Kamu bisa menggunakan tips ini di usahamu sebagai promosi. Beberapa contoh layanan GRATIS yang bisa atau sering ditemukan adalah sebagai berikut:

  • buy 1 get 1
  • beli minimal 100K dapat produk A GRATIS!
  • beli produk A GRATIS voucher belanja
  • GRATIS ongkir untuk pembelian minimal 90K
  • beli produk bundle GRATIS voucher minuman
  • dan lain-lain

Pancing dengan Garansi

Garansi adalah salah satu hal yang bisa membuat customer menjadi mudah percaya dengan produk yang dijual. Jika kamu memiliki produk atau jasa yang kamu rasa sudah benar-benar berkualitas bagus, ada baiknya untuk memberikan garansi kepada customer yang membeli produk atau jasamu.

Beberapa contoh penggunaan garansi dalam bisnis yang bisa digunakan adalah:

  • Garansi uang kembali jika tidak puas
  • Garansi dapat produk bundle jika produk tidak sesuai harapan
  • Garansi dapat produk B jika produk yang sampai bocor
  • Garansi dapat sayur B jika sayur A tidak segar
  • dan lain-lain

Dapatkan Jawaban “YA”

Hal ini tentunya bisa kamu aplikasikan secara online (di website atau social media) atau pun offline.

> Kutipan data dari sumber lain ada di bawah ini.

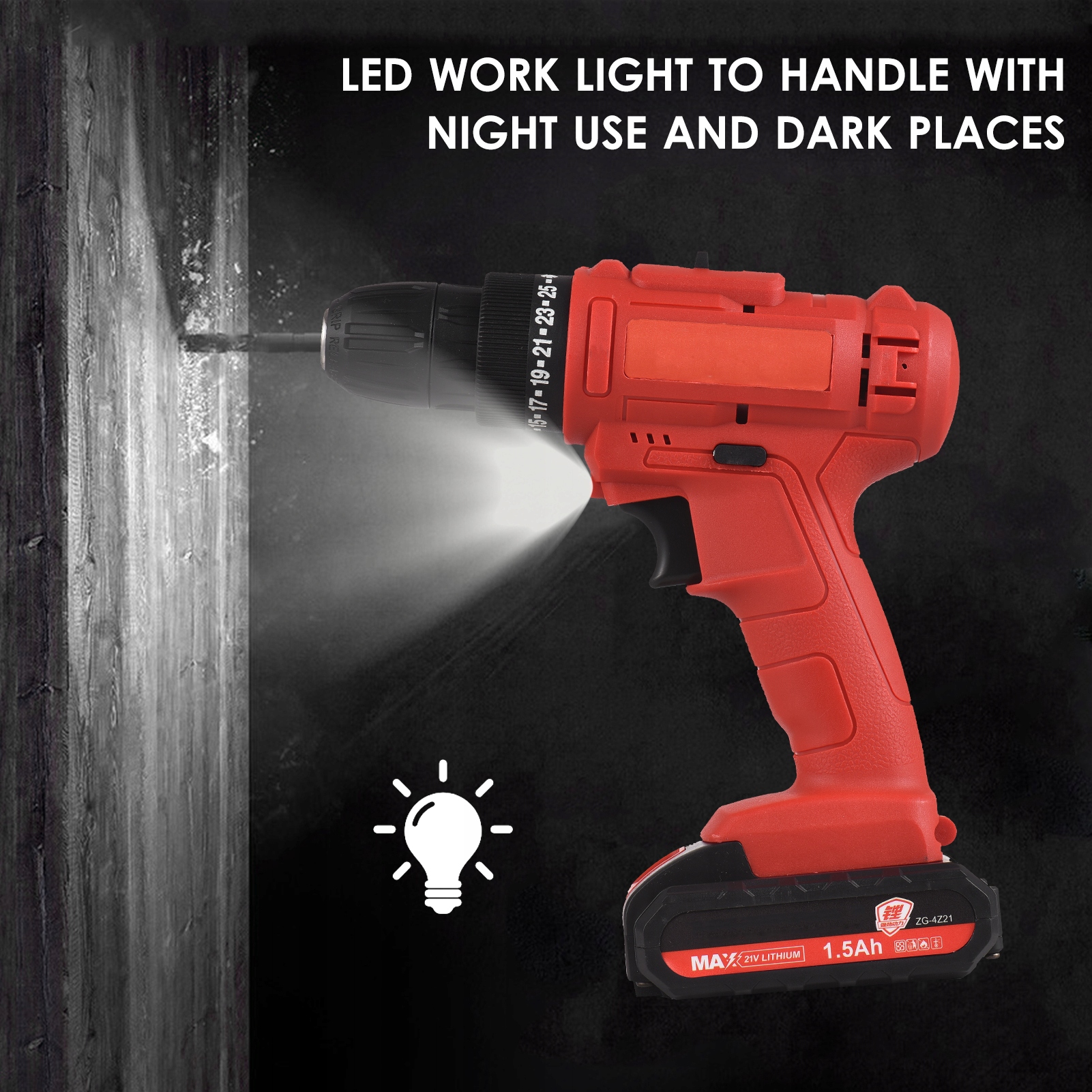 2. БЕЗПЕЧНА КОНСТРУКЦІЯ, літієва батарея 21 В 1500 мАг для надійної роботи та швидкого й легкого заряджання через обладнаний 2. Регулювання швидкості для різних потреб; світлодіодне освітлення для роботи вночі та в темних місцях; тривалий термін експлуатації. ящик для інструментів.

Hal ini bisa digunakan jika mungkin ada customer yang pada awalnya memang belum pernah mencoba atau tahu tentang suatu produk, tapi sudah sok tahu dan mungkin meremehkan produk atau jasa yang ditawarkan.

Sebagai contoh, kamu bisa gunakan beberapa kata seperti:

  • Apa kamu ingin mendapatkan tubuh yang dibilang “body goals“?
  • Bosan dengan ucapan orang-orang yang menyakitkan tentang jerawatmu?
  • Ingin mendapatkan kulit yang bersih dan mulus?
  • Mau kan dapat omset puluhan hingga ratusan juta?
  • Bosan tertipu iklan?
  • Ingat tembok rumahmu yang lembab?
  • Apakah kamu ingin mendapatkan diskon hari ini?

Pastikan semua jawaban adalah “YA”, kamu bisa membuat variasi pertanyaannya lebih detail dan lebih banyak lagi.

Lalu, bisa follow up dengan adanya tombol Call to Action yang berisi tulisan “YA, beli sekarang“.

Dengan kata-kata tersebut, secara psikologis bisa membantu calon customer dalam mempengaruhi pengambilan keputusan. Jika relate dengan keadaan calon customer, mereka akan merasa ingin segera membelinya.

Bagaimana? Terlihat cukup mudah bukan? Mungkin pada awalnya akan terasa sulit karena kamu belum terbiasa. Tapi, jika kamu sudah biasa dan sering melakukan praktik, tentunya beberapa tips ini akan menjadi cukup mudah dan bisa menghasilkan sesuatu.

Jika kamu ingin belajar lebih detail mengenai copywriting dan digital marketing, kamu bisa mendaftarkan diri kamu ke DUMET School dengan mengambil paket kursus digital marketing.

Tips dan Trik Berjualan Online di Marketplace

Tips dan Trik Berjualan Online di Marketplace

Tips dan Trik Berjualan Online di Marketplace – Berada di zaman ini tentunya tak bisa terhindar dari canggihnya teknologi dan juga internet. Beberapa aspek dalam kehidupan pun tidak bisa dipisahkan dengan adanya teknologi dan internet. Salah satunya adalah melakukan jual beli secara online.

Hal ini menjadi tidak aneh lagi. Mulai dari menjajakan, berjualan, membeli dan melakukan transaksi saja bisa dilakukan secara online. Bahkan, saat ini sudah ada banyak marketplace yang menyediakan jual beli online seperti Shopee, Tokopedia, BukaLapak, OLX, dan lain-lain. Melakukan kegiatan jual beli online juga bermanfaat agar penjual bisa menjangkau customer yang berada di luar domisili. Jadi, tentu saja bisa meningkatkan penjualan menjadi lebih baik lagi.

Nah, DUMET School punya beberapa tips dan trik untuk kalian yang sedang berjualan online agar produk menjadi laku dan ramai customer.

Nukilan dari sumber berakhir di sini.